Aceitar um jogo político engessado no bipartidarismo foi uma questão intrincada para os opositores do regime?
Sim, isso nos dividiu. Muitos diziam que não era possível participar, pois se tratava de uma oposição consentida. Eu estava convencido de que deveríamos usar as armas disponíveis. Até porque a situação muda. O MDB mudou e acabou funcionando como oposição verdadeira.

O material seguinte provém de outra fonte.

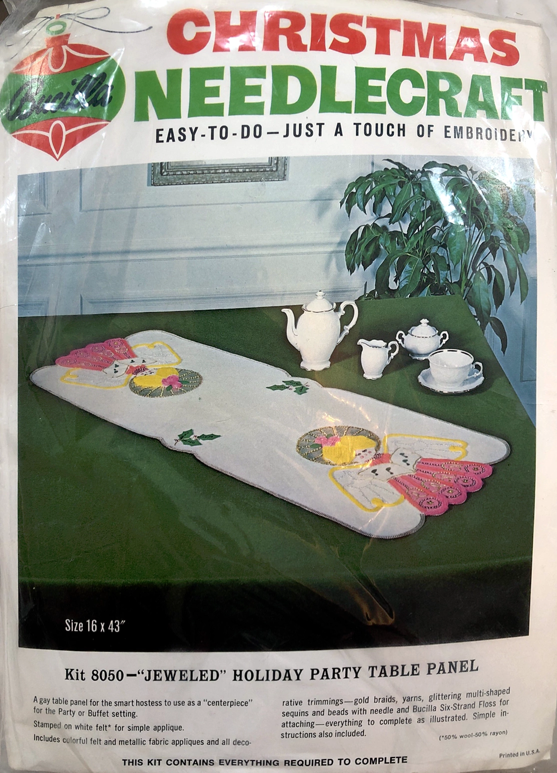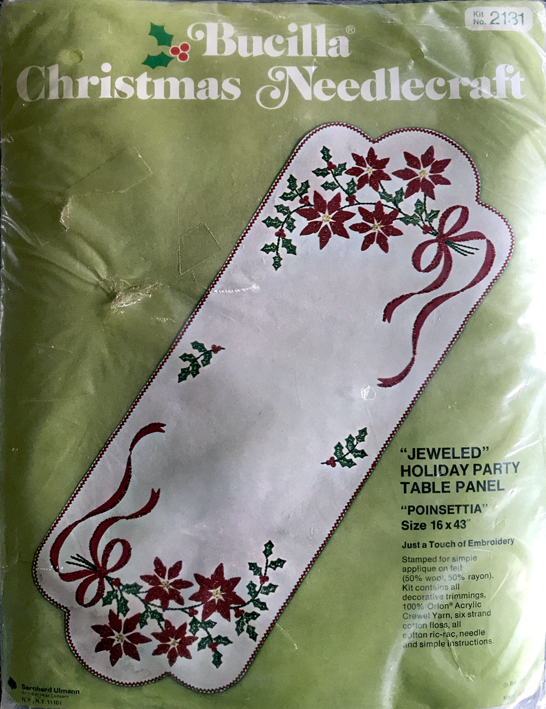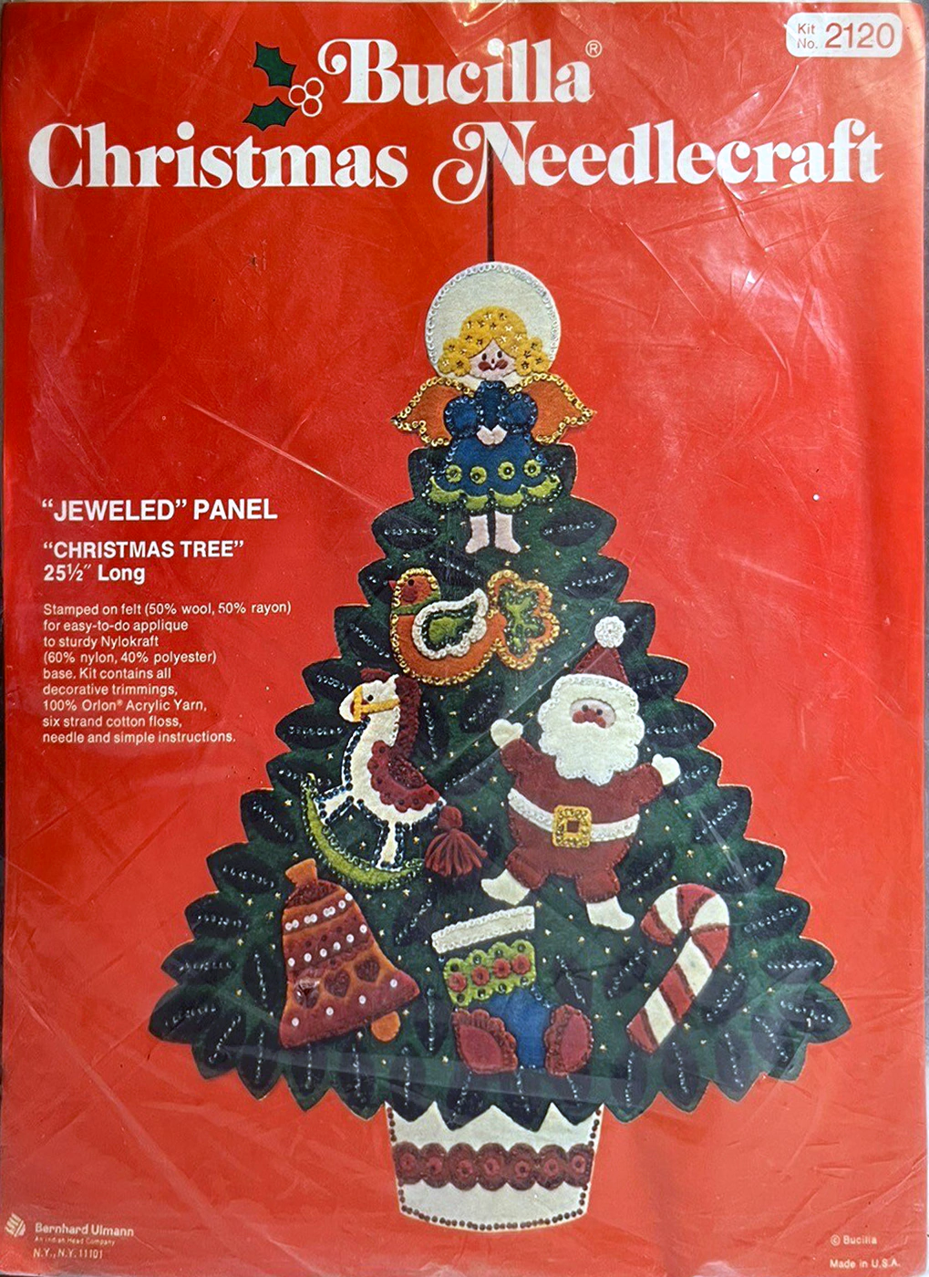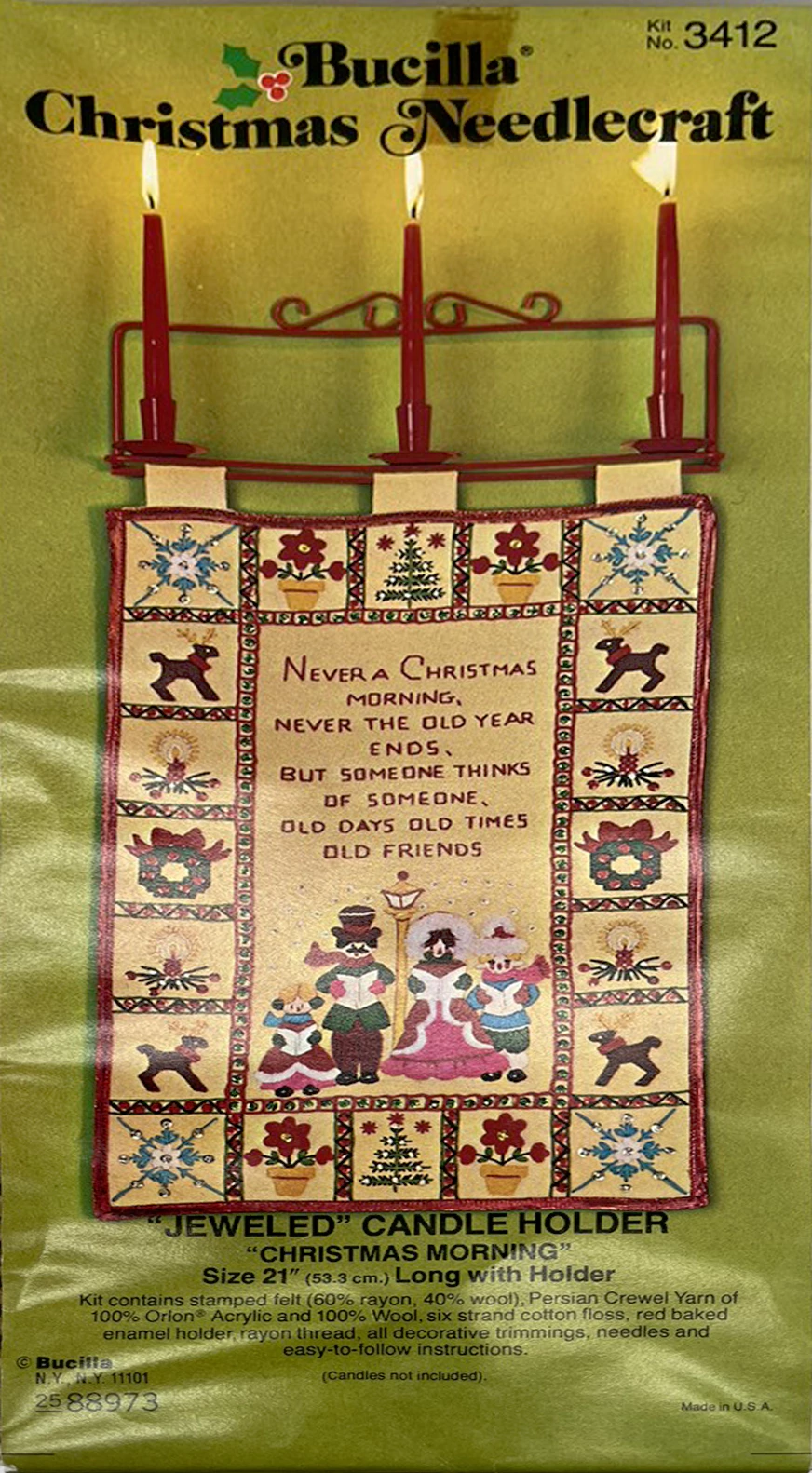 STAMPED FOR SIMPLE APPLIQUE AND EMBROIDERY ON FELT (60% RAYON, 40% WOOL). KIT CONTAINS 100% PERSIAN CREWEL WOOL, SIX STRAND COTTON FLOSS, ALL DECORATIVE TRIMMINGS, NEEBLES AND EASY-TO-FOLLOW INSTRUCTIONS.

Nossa capenga estrutura partidária vem dessa época?
Quer que eu diga uma coisa? Não sei se vem só lá de trás. Acho que o problema é mais profundo. Falta uma visão consistente do que seja o jogo democrático entre nós. Aqui, o que conta é o governo, o Estado. E democracia é organização do povo. Do jeito que vamos, com 30 partidos e 39 ministérios, ficou inviável. O custo é a paralisação da máquina pública, como bem disse a ex-ministra Gleisi Hoffmann, numa entrevista recente. Passamos do presidencialismo de coalizão para o presidencialismo de cooptação, essa é a verdade. Eu mesmo fiz coalizões. Mas o limite dos acordos era votar reformas. Agora, não. O que temos é uma amálgama para dividir o poder e o butim do Estado. Isso não dá governabilidade.

Por quê?
Como o nosso sistema tem sempre esse elemento autoritário, que é a medida provisória, o governo se mantém e o Congresso fica cada vez mais achatado. Ora, a população que o sistema político vem perdendo legitimidade a olhos vistos. Enquanto a economia foi bem, essa crise não foi percebida. Agora, quando a economia não vai bem e tudo balança, ela aparece. Quando a presidente propõe um plebiscito, por exemplo, a ideia não se segura um mês porque não foi costurada, nem discutida e nem está atrelada a uma agenda política verdadeira. Estamos nos aproximando de uma situação delicada. Uma coisa são as flutuações econômicas, outra coisa é a paralisação da administração e do sistema político. Isso gera a separação entre sociedade e governo.

O senhor diria que estamos indo nessa direção?
Sim, e corremos riscos. Um deles é a perda da capacidade de olhar o futuro e tomar decisões. Outro é o de provocar uma irritação popular incontrolável - e daí, como resolver? As demandas estão crescendo, o Estado não toma decisões, não entende que boa parte do que faz pode ser passado para o setor privado, e faltam lideranças. Eu diria que, hoje, não temos o que ensinar sobre democracia. Temos é que aprender. Por exemplo, como é que a democracia convive com as redes sociais? Isso não está claro. Falta ouvir mais, estudar mais e dar espaço para a criatividade. Não podemos dizer que um partido, o PT, seja o culpado por tudo o que estamos vivendo. Até porque tudo é mais grave do que isso.

Em que pese a animosidade atual entre o seu partido e o PT, lá trás o senhor determinou que se fizesse uma transição transparente do seu governo para o do presidente Lula, em 2002.
Lula reconheceu isso de público recentemente, falando a empresários em Ribeirão Preto. Decerto imaginou que eram favoráveis a mim... Lula sabe o que fiz. Sempre tive preocupação institucional, daí o cuidado em transferir o poder, fincando bons fundamentos. Uma coisa que sempre me irritou na vida foi me chamarem de "neoliberal", esse qualificativo que não vale nada. Meu governo foi o oposto ao neoliberalismo. Fizemos ajuste fiscal, estabelecemos regras para a economia, aumentamos o salário mínimo, tocamos a reforma agrária, os programas sociais, demos prioridade à educação....e, diante do que foi feito, os governos posteriores ao nosso puderam avançar. Mas hoje não se preocupam em dar sustentabilidade ao que se construiu. Na vida política brasileira falta pensamento, falta interconexão e, no fundo, no fundo, falta grandeza. Você não vê ninguém dizendo vamos juntar forças e melhorar o País. Você só vê gente dizendo vamos juntar forças para ganhar eleição. Muito bem, ganha e faz o que depois? Como é que vai ser governar em 2015? Eu não sei.